Seria como descompactar e instalar no seu computador um programa baixado da Internet. Ao recompactar e transmitir o mesmo arquivo anexado a um e-mail, as características de seu sistema não seriam enviadas junto.
A pesquisa de Whitelaw e colegas mostrou que, assim como arquivos enviados por e-mail podem conter vírus de computador, os gametas também podem carregar algo mais do que os arquivos compactados dos genes. Mais ainda, estão convencidos de que essa forma de hereditariedade pode ser comum e até fundamental para o surgimento de doenças.
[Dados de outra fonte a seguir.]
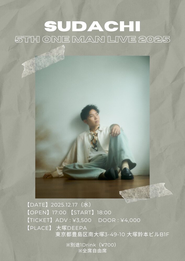 Sudachi 5th One man Live 2025 SCHEDULE 2025/12/17(水) 17:00 - 東京 / 大塚Deepa 地図を表示 開場 : 17:00 / 開演 18:00 前売り ¥3,500 当日¥4,000 すだち さん Sudachi 5th One man Live 2025 サポートで出演させていただきます。 詳細/オンライン予約 URLをコピーする 報告する
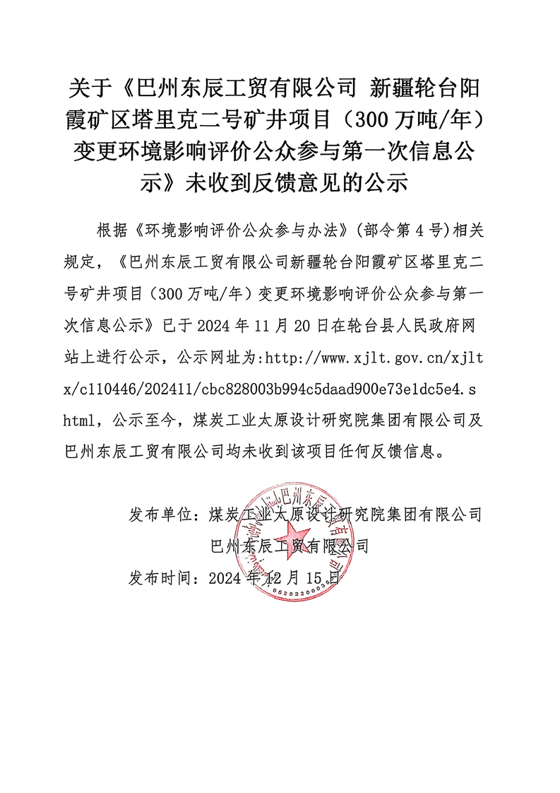 《巴州东辰工贸有限公司 新疆轮台阳霞矿区塔里克二号矿井项目(300万吨/年)变更环境影响评价公众参与第一次信息公示》未收到反馈意见的公示

"Acredito que saber a sequência primária de DNA de um indivíduo será insuficiente para predizer seu fenótipo (manifestação da doença) em alguns casos", disse Whitelaw. "Esses casos vão, talvez, demandar um epigenótipo do indivíduo, isto é, uma imagem detalhada da metilação naquele locus (região no gene)."

Genoma é só o começo
Nunca é demais lembrar que o Projeto Genoma Humano vai resultar numa sequência bruta de DNA, que, se acredita, será representativa da espécie humana como um todo. Não dará conta da variação que há entre indivíduos, muito menos das intercorrências epigenéticas que podem estar envolvidas no desenvolvimento de cada organismo e suas mazelas.
Não corresponde à realidade dos laboratórios, assim, a visão ingênua e mecanicista de que decodificar o genoma implica abrir uma cornucópia da qual jorrariam tratamentos sob medida para todas as doenças. Nada disso, afirmou à Folha, também por e-mail, Rosalind John: "Obter a sequência é somente o começo. Entender a função de cada gene e sua regulação tanto por outros genes como pelas alterações epigenéticas é um desafio muito maior".